Avastin works by targeting a protein called vascular endothelial growth factor, a critical protein for blood vessel growth. It blocks angiogenesis, the physiological process through which new blood vessels are formed out of ones already in existence.
There are other promising cancer treatment drugs that try and cut off the tumor’s growth or survival processes, such as PARP inhibitors, which block DNA-repairing PARP enzymes from repairing malignancies, causing them to die, and immune checkpoint inhibitors, which help the immune system fight cancer cells. But Avastin has been studied more than these other classes of drugs, making them preferable to some oncologists.
One of the first anti-angiogenic drugs was Thalidomide, but it was not developed as a cancer drug.

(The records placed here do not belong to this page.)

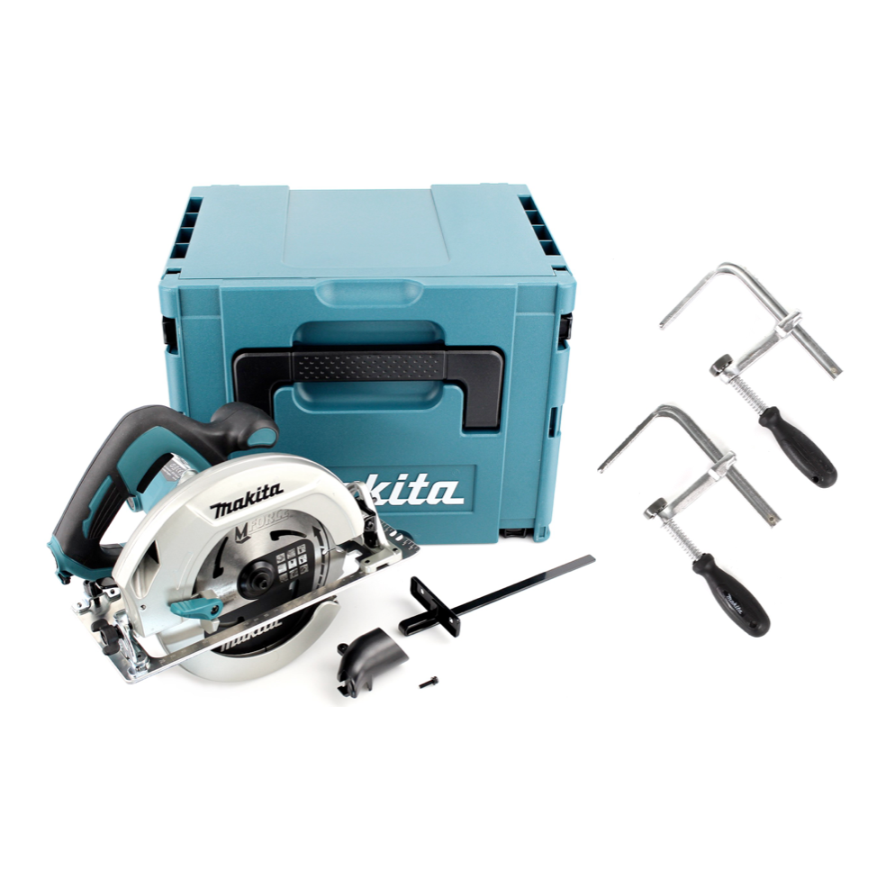 Makita HS 7601 J 190 mm Scie circulaire 1200 W + Lame de scie + 2x Pinces à vis + Makpac
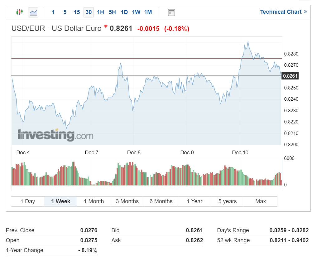 달러 대비 유로 환율은 현재 1달러당 0.8261유로를 기록 중입니다.
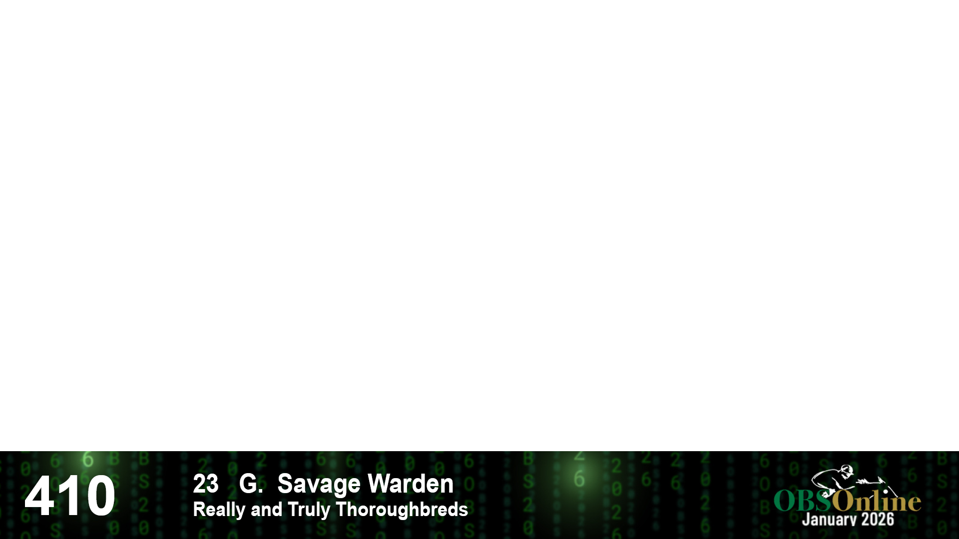 | 410 | Slate | Lower-Third | 4/10/2023 | G | Savage Warden | Code of Honor | Carmina Burana | Really and Truly Thoroughbreds | 6 | 5 | 5 | 10 |
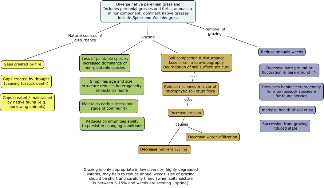 This Concept Map, created with IHMC CmapTools, has information related to: NonThemeda management, Diverse native perennial grassland Includes perennial grasses and forbs, annuals a minor component, dominant native grasses include Spear and Wallaby grass Removal of grazing Reduce annuals weeds, Diverse native perennial grassland Includes perennial grasses and forbs, annuals a minor component, dominant native grasses include Spear and Wallaby grass Grazing Loss of palatable species increased dominance of non-palatable species, Diverse native perennial grassland Includes perennial grasses and forbs, annuals a minor component, dominant native grasses include Spear and Wallaby grass Natural sources of disturbance Gaps created by fire, Increase erosion causes Decrease water infiltration, Increase erosion causes Decrease nutrient cycling, Reduce rischness & cover of microphytic soil crust flora ???? Increase erosion, Soil compaction & disturbance Loss of soil micro-topography Degradation of soil surface strucure ???? Reduce rischness & cover of microphytic soil crust flora, Diverse native perennial grassland Includes perennial grasses and forbs, annuals a minor component, dominant native grasses include Spear and Wallaby grass Grazing Soil compaction & disturbance Loss of soil micro-topography Degradation of soil surface strucure
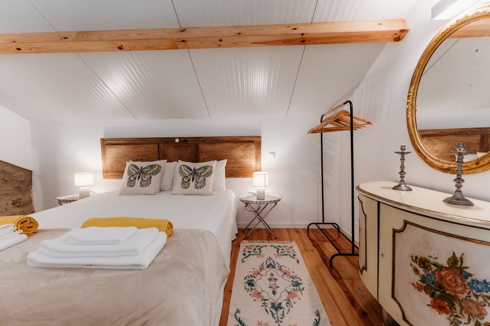 Welcome to my home! "Casa das Oliveiras" has this name because it is in front of a new olive grove planted three years ago, in place of an old vineyard, of which there are still vines that border the farm's paths and divide the different rows of land. The chalet has two bedrooms, a living room, a kitchen, and one private bathroom. The first bedroom contains a queen-sized bed, and the other is a comfy twin bedroom. The beds come with complimentary hotel-quality linens. The kitchen has modern conveniences, so feel free to cook a light homemade meal. Aside from the houses, you can enjoy plenty of shared spaces, such as the pool, lawn, shed, etc. Food is not allowed in these shared spaces. However, please feel free to have your meals inside the chalet, on the respective decks, or in the area next to the grill when available. The large, shared outdoor pool can be used between April and September, from 09:00 to 21:00, when it's nice and warm. Unfortunately, the pool is not open between October to March. It is recommended coming here with your car as we do provide one free parking per chalet. Please note that, occasionally, it may be necessary to use the washing machine located in the antechamber of the external WC near the pool. Security circuits with cameras (CCTV) and alarms are in the exterior areas. The home is always professionally cleaned for your comfort. Enjoy your stay!
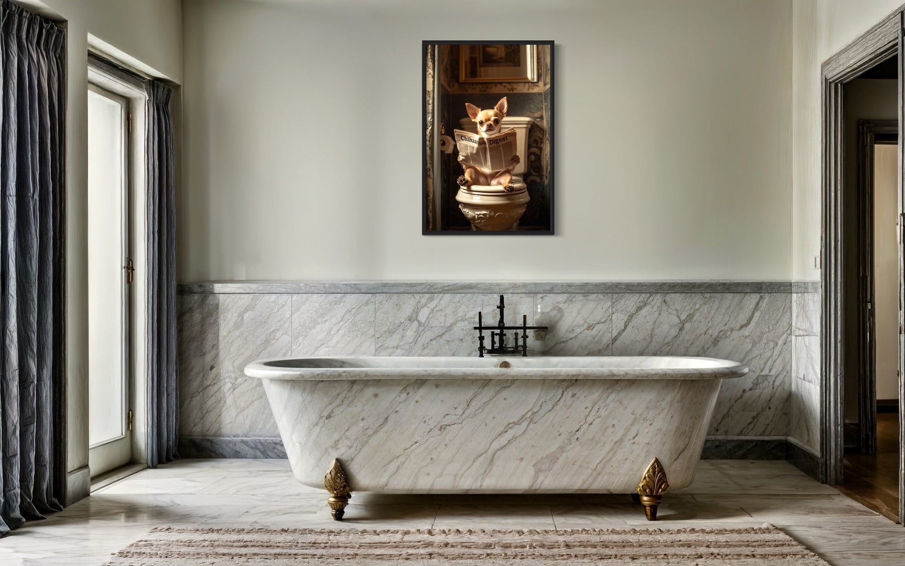 Elevate your bathroom decor with this humorous Chihuahua on toilet picture, featuring a playful depiction of a Chihuahua reading a newspaper while perched on a toilet. This quirky and imaginative artwork is a perfect conversation starter, adding a lighthearted charm to your space. It blends a touch of humor with artistic detail, making it ideal for pet lovers and anyone who enjoys unique bathroom decor. The Chihuahua’s expressive pose and the whimsical theme create a standout piece that combines functionality with personality. Whether you’re looking to brighten a guest bathroom or add a fun twist to your own, this artwork makes an unforgettable impression. Designed to bring laughter and style, the Chihuahua on toilet canvas print is as entertaining as it is decorative. Add this delightful piece to your walls and let your bathroom become a space that sparks joy and conversation.

“The story of Thalidomide is one of the most fascinating stories in all of medicine,” remembers Dr. Vincent Rajkumar, medical oncologist at the Mayo Clinic, who was instrumental in getting the anti-angiogenic drug Lenalidomide approved. “Thalidomide was developed as a sleeping pill in the late 50s. And when it was developed nobody knew its precise mechanism of action. They just knew that if you took it, you felt sleepy.”
But the drug fell out of favor when pregnant women who used it gave birth to babies with birth defects.
However, it came back in popularity after the concept of anti-angiogenesis was discovered in 1971.
“Thalidomide was thought to be an anti-angiogenic drug. That is, it prevented the growth of new blood vessels,” said Dr. Rajkumar. “The theory was that cancers can grow only until one millimeter in size, unless they are able to induce new blood vessels. And if they are not able to induce new blood vessel formation, the cancer will shrink and die.”Thalidomide, and then a similar drug, Lenalidomide, became approved for widespread treatment of the blood cancer multiple myeloma in the late 2000s. Lenalidomide, also known as its trade name Revlimid, is considered and effective treatment for multiple myeloma. Similarly to Avastin, it can be used shortly after a diagnosis and after treatment for maintenance.